Scientists found the oldest Homo sapiens DNA. This shows that many of Europe’s first humans had Neanderthals in their family trees. These individuals are not related to later Europeans, based on two genome studies of remains dating back more than 45,000 years from caves in Bulgaria and the Czech Republic.Viviane Slon, a palaeo geneticist at the University of Tel Aviv in Israel said that The research adds to growing evidence that modern humans mixed regularly with Neanderthals and other extinct relatives. The genetic history of the earliest humans in Europe and Asia has been blurred.

The researchers have extracted DNA from Neanderthals and other extinct human relatives dating as far back as 430,000 years, genetic information is scarce from the period between around 47,000 and 40,000 years ago, known as the Initial Upper Palaeolithic, and no Homo sapiens DNA at all from before this period. Genomes belonging to humans from Siberia and Romania showed no connection to later waves of Europeans, but a 40,000-year-old individual from China is a partial ancestor of modern East Asian people.

The present-day people whose ancestry is not African, these early Eurasians carried Neanderthal DNA. Researchers thought that probably originated from mixing between the groups in the Middle East 50,000–60,000 years ago. Study of the genome of the 40,000-year-old Romanian individual, from a site called Peștera cu Oase, held a surprise: a Neanderthal ancestor in the past four to six generations, suggesting that humans interbred with Neanderthals in Europe.

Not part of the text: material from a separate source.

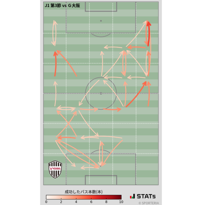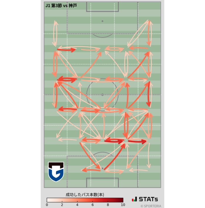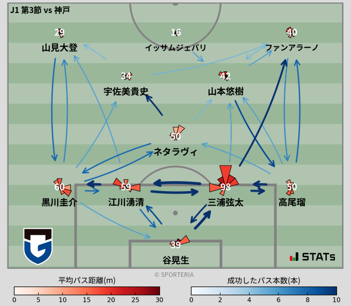 特に右CBの三浦弦太のパスの方向や距離が示すようにパスの回数は横パスやGKへのパスが多く前へのパスはパス距離が長くロングボールを多く蹴っていたことが分かる。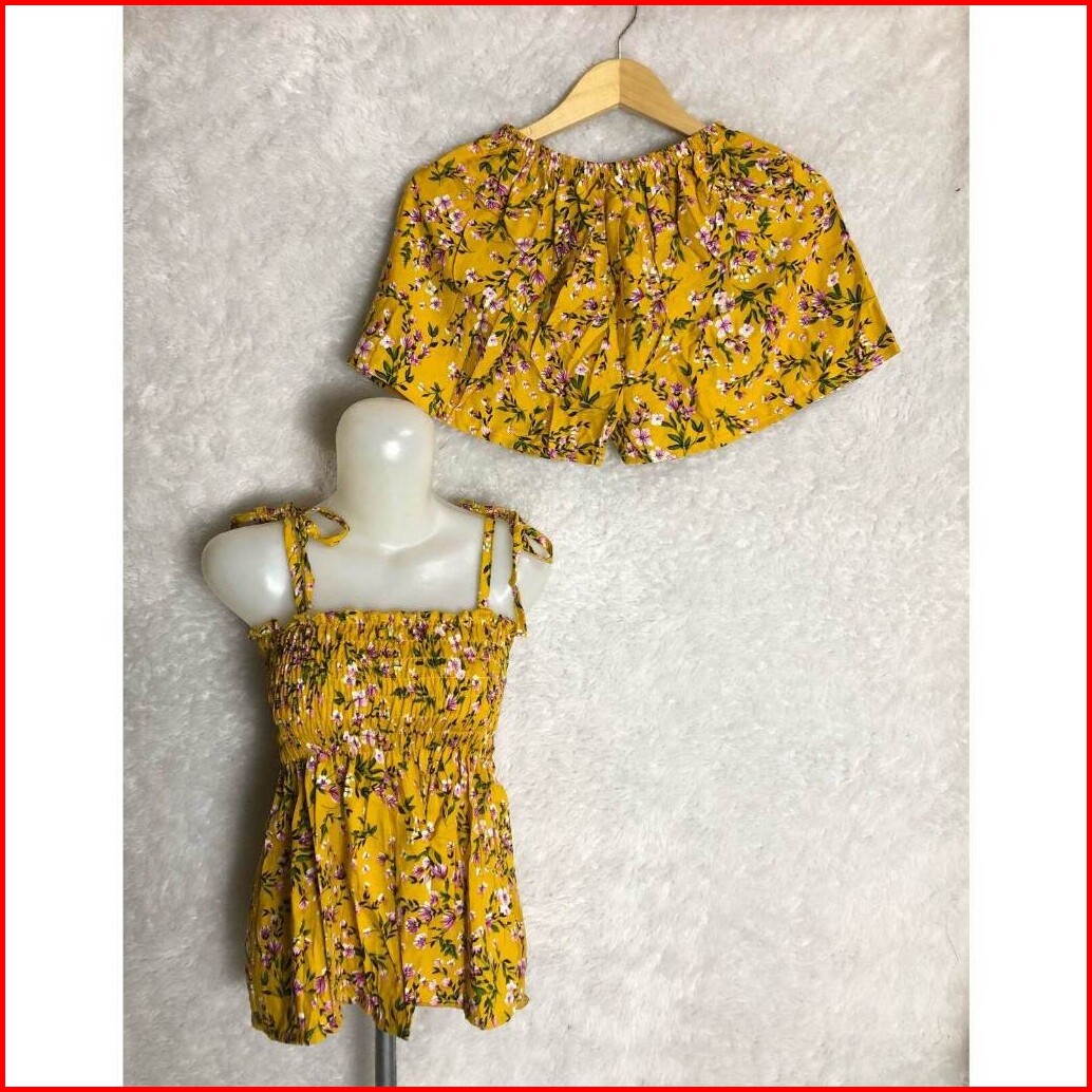 Set Atasan Tangtop Celana Pendek Bunga

The oldest Bacho Kiro individuals, dated to between 45,900 and 42,600 years old, all had recent Neanderthal forebears, reports a team led by molecular biologist Mateja Hajdinjak and evolutionary geneticist Svante Pääbo, both at the Max Planck Institute for Evolutionary Anthropology in Leipzig, Germany. The modern non-Africans genomes usually harbour about 2% Neanderthal ancestry, but the Bacho Kiro individuals had slightly more at 3.4–3.8%, and the chromosome segments which are shortened in consecutive generations that were considerably longer.